In 1967, Land was selected for a newly established post in what later became the Department of Information Systems at LSE. Here he became involved with the development and definition of the subject and its curriculum. He chaired working parties for the British Computer Society, the National Computing Centre, and the Council for National Academic Awards concerned with curriculum development. He worked with an international group to establish the International Federation for Information Processing's (IFIP) curriculum for information systems designers. At the LSE, he set up the ADMIS (Analysis, Design and Management of Information Systems) Master's course and developed a Ph.D. program.

In 1982, Land was appointed the UK's first professor of information systems. In 1986, he moved to the London Business School as professor of information management. He has served as visiting professor at the University of Pennsylvania (the Wharton School), Sydney University, Bond University, Curtin University, and the Indian Institute of Management Ahmedabad (IIMA).

He was awarded an honorary doctorate in science and the IFIP award for distinguished service. He has served as technical advisor to House of Commons Select committees examining IT in the UK. He was a Fellow of the British Computer Society.

Land retired from full-time academic work in 1992 and was Visiting Professor of Information Management at the LSE and at Leeds Metropolitan University.

In 2003, Land was jointly selected for the AIS LEO Award with Jack F. Rockart of the Massachusetts Institute of Technology, for lifetime exceptional achievement.
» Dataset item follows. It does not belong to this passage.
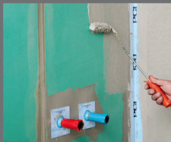
PCI Pecitape® 10x10 – izolácia prestupov PCI Pecitape® Objekt – izolácia kútov

The LEO Award, established in 1999 by the Association for Information Systems and the International Conference on Information Systems, recognises seminal contributions to research, theory development, and practice in Information Systems.

Land was appointed Officer of the Order of the British Empire (OBE) in the 2019 Birthday Honours for services to the information systems industry.

==Personal life and death==
His wife was the LSE operational research emeritus professor Ailsa Land (1927–2021). They married in 1953 and had three children, Frances, Richard, and Margi, during Ailsa's PhD studies. Following their retirement, the couple moved to Devon in 2000.

Land died from an infection on 16 May 2026, aged 97.

==Selected publications==
===Books===
- Farbey, Barbara, Frank Land, and David Targett. How to assess your IT investment: a study of methods and practice. Oxford: Butterworth-Heinemann, 1993.
- Avgerou, Chrisanthi, Claudio Ciborra, and Frank Land, eds. The social study of information and communication technology: Innovation, actors, and contexts. Oxford: Oxford University Press, 2004.

===Articles===
- Land, Frank, and Rudy Hirschheim. "Participative systems design: rationale, tools and techniques." Journal of Applied Systems Analysis 10.10 (1983): 15–18.
- Galliers, Robert D., and Frank F. Land. "Viewpoint: choosing appropriate information systems research methodologies." Communications of the ACM 30.11 (1987): 901–902.
- Farbey, Barbara, Frank Land, and David Targett. "Evaluating investments in IT." Journal of information technology 7.2 (1992): 109–122.
- Farbey, Barbara, Frank Land, and David Targett. "A taxonomy of information systems applications: The benefits ladder." European journal of information systems 4.1 (1995): 41–50.
- Farbey, Barbara, Frank Land, and David Targett. "Moving IS evaluation forward: learning themes and research issues." The Journal of Strategic Information Systems 8.2 (1999): 189–207.